Chapter 6 Correlation

In previous chapters, you have learned how to summarize large datasets and describe changes in variables. This chapter introduces the concept of **correlation**, which allows us to examine the relationship or association between two different variables. Understanding correlation helps us determine if the value of one variable tends to change when the value of another variable changes, whether they move in the same or opposite directions, and the strength of this relationship.

Introduction

Having covered data summarization and describing changes in single variables, this chapter focuses on exploring the connection between two distinct variables. The goal is to understand how two variables might influence or move together.


Types Of Relationship

Relationships between variables can take various forms. Some might suggest a cause-and-effect link (causation), like the relationship between the price of a commodity and the quantity demanded. Lower prices often lead to higher demand, while higher prices lead to lower demand. Similarly, low rainfall can be related to low agricultural productivity.

However, correlation does not necessarily imply causation. Some relationships might be coincidental, like the arrival of migratory birds and birth rates in a locality. The relationship between shoe size and the amount of money in your pocket is another such example of a lack of logical connection.

In other cases, a third variable might be influencing the relationship between two variables. For instance, a high number of ice cream sales might coincide with a higher number of deaths due to drowning. This isn't because eating ice cream causes drowning. Instead, a third factor, like rising temperature, leads both to increased ice cream sales and more people going swimming, potentially increasing drowning incidents. Thus, temperature is the underlying cause of the observed relationship between ice cream sales and drowning deaths.

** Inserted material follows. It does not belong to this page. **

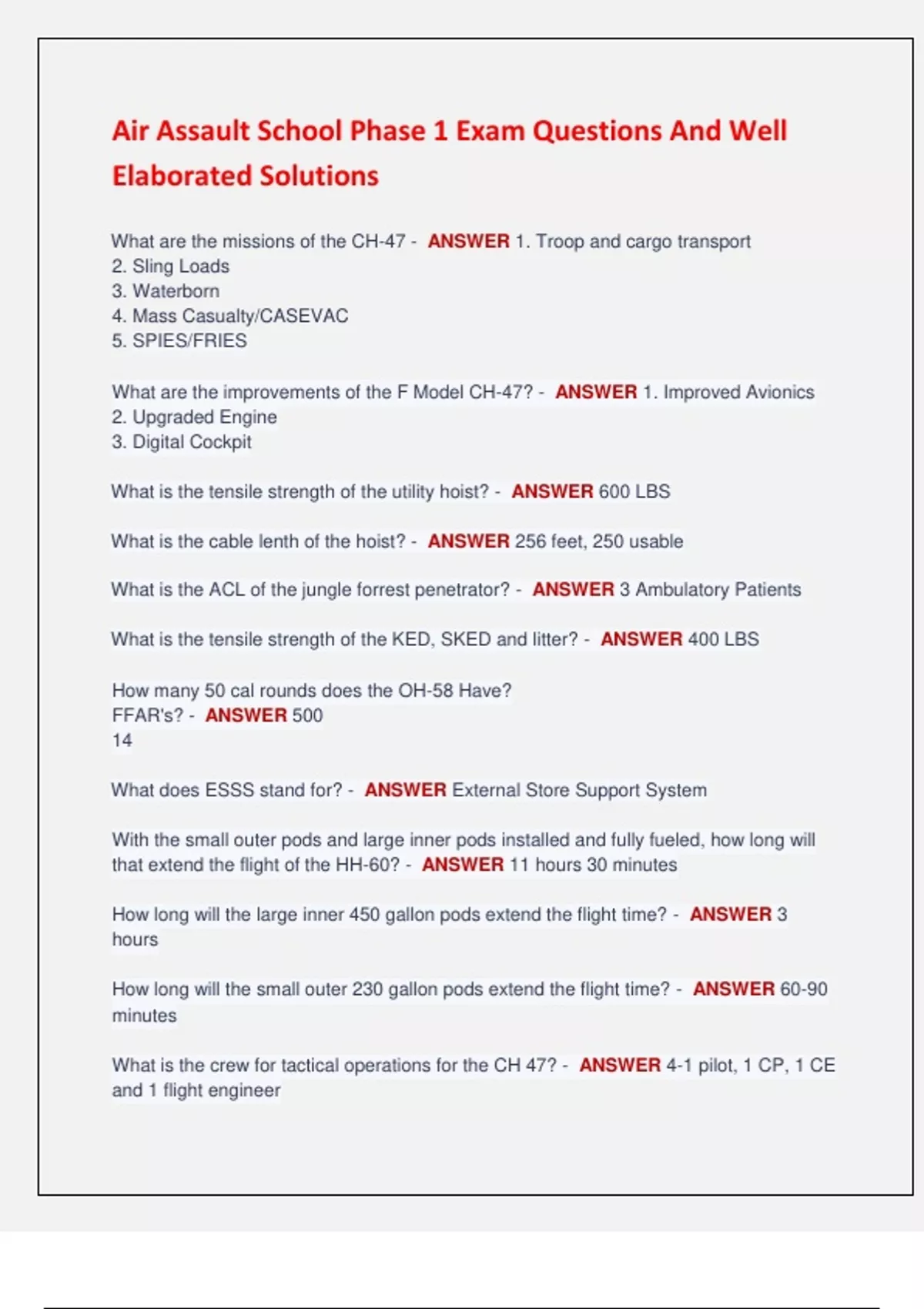 Air Assault School Phase 1 Exam Questions And Well Elaborated Solutions What are the missions of the CH-47 - ANSWER 1. Troop and cargo transport 2. Sling Loads 3. Waterborn 4. Mass Casualty/CASEVAC 5. SPIES/FRIES What are the improvements of the F Model CH-47? - ANSWER 1. Improved Avionics 2. Upgraded Engine 3. Digital Cockpit What is the tensile strength of the utility hoist? - ANSWER 600 LBS What is the cable lenth of the hoist? - ANSWER 256 feet, 250 usable What is the ACL of the jungle forrest penetrator? - ANSWER 3 Ambulatory Patients What is the tensile strength of the KED, SKED and litter? - ANSWER 400 LBS How many 50 cal rounds does the OH-58 Have? FFAR's? - ANSWER 500 14 What does ESSS stand for? - ANSWER External Store Support System With the small outer pods and large inner pods installed and fully fueled, how long will that extend the flight of the HH-60? - ANSWER 11 hours 30 minutes How long will the large inner 450 gallon pods extend the flight time? - ANSWER 3 hours How long will the small outer 230 gallon pods extend the flight time? - ANSWER 60-90 minutes What is the crew for tactical operations for the CH 47? - ANSWER 4-1 pilot, 1 CP, 1 CE and 1 flight engineer What is the definition of MASCAL? - ANSWER Any large number of casualties produced in a short amount of time that exceeds unit support capabilities. What are the two patient classifications? - ANSWER Litter and ambulatory How many red cross markings are on a UH-1 - ANSWER 4 What is the ACL of the UH-1? - ANSWER 3 litters and 4 ambulatory with prior notification, 6 litters and 9 ambulatory How many red cross markings are on the HH-60? - ANSWER 5 What is the ACL of the CH 47 - ANSWER 24 litters and one ambulatory or 31 ambulatory What 3 items must you have in your possesion at all times? - ANSWER ID Card, ID Tags and Earplugs What are the crash positions for the UH 60? - ANSWER Upright Muzzle Down What are the crash positions for the CH 47? - ANSWER Bend forward at the waist, muzzle down. How many emergency exits are on the UH 60? - ANSWER 4 How many emergency exits are on the CH 47? - ANSWER All windows What is the definition of CASEVAC? - ANSWER MVMT of casualties aboard non- medical vehicles or aircraft. How many red cross markings are on a CH47 - ANSWER 0 What is the patient loading sequence for a UH 60? - ANSWER 90 degree rotating litter support system counterclockwise. The SKED has how many handles? - ANSWER 4 the KEDS has how many staps? - ANSWER 7 what is line 6 on the medevac request in combat or peacetime? - ANSWER Combat- security of site Peacetime-# and types of wounds What is the only line that may be omitted if the threat does not exist on the 9 line? - ANSWER Line 9 NBC Contamination What is the definition of air assault operations? - ANSWER operations in which air assault forces(combat, CS and CSS) using firepower, mobility, and total integration of helicopter assets in their ground or air roles, manouver on the battlefield under the control of the ground and air MVMT CDR to engage and destroy enemy forces or to seize and hold key terrain. What are the limitations of Air Assault Operations? - ANSWER 1. Adverse Weather 2. PZ/LZ Availability 3. Initial reliance on air re-supply and lines of commo 4, High fuel and ammo consumption 5. Reduced ground mobility after insertion What is the lowest level of assetts for an air assault operation? - ANSWER Division Level What is the nucleus of the air assault task force? - ANSWER Infantry What is the mission of the AH 64 - ANSWER 1. Anti-armor 2. Close air support 3. Recon 4. Air to air combat What is H-Hour? - ANSWER The time the first A/C of the first lift touches down on the LZ. What are the three terrain flight modes? - ANSWER Nap of the earth, contour, and low level Define bump plan - ANSWER Key personell and equipment not left on PZ and arrive on LZ first Define Load/Chalk and is there a difference? - ANSWER Personnel or equipment designated to be moved by a specific A/

What Does Correlation Measure?

Correlation is a statistical measure that studies and quantifies the **direction** and **intensity** of the relationship between variables. It specifically measures **covariation**, meaning how two variables tend to move together, but not necessarily a cause-and-effect relationship (causation).

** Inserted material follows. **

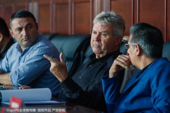 中场休息,希丁克没有离开座位,他拿纸巾擦拭完眼镜后,又开始书写。之后,教练组三人开始开会,希丁克话不多,只是在倾听,偶尔点头。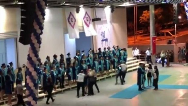 Mezuniyet töreninde İstanbul Sözleşmesi maskesi takan öğrencilere saldırı

If a correlation exists between two variables, say X and Y, it means that when the value of X changes in a certain direction, the value of Y tends to change in a predictable way – either in the same direction (positive correlation) or the opposite direction (negative correlation).

For simplicity, correlation analysis often focuses on **linear relationships**, where the movement between the two variables can be approximated by a straight line when plotted on a graph.

Types Of Correlation

Correlation is commonly classified into two main types:


Techniques For Measuring Correlation

Several tools are used to study and measure correlation:

Scatter Diagram

A scatter diagram is a simple but useful graphical technique for visualizing the form of the relationship between two variables. Pairs of values for the two variables are plotted as points on a graph. The pattern and closeness of these points give a visual impression of the nature and strength of the relationship.

Scatter diagram showing a positive correlation.
Scatter diagram showing a negative correlation.
Scatter diagram showing no correlation.
Scatter diagram showing perfect positive correlation.
Scatter diagram showing perfect negative correlation.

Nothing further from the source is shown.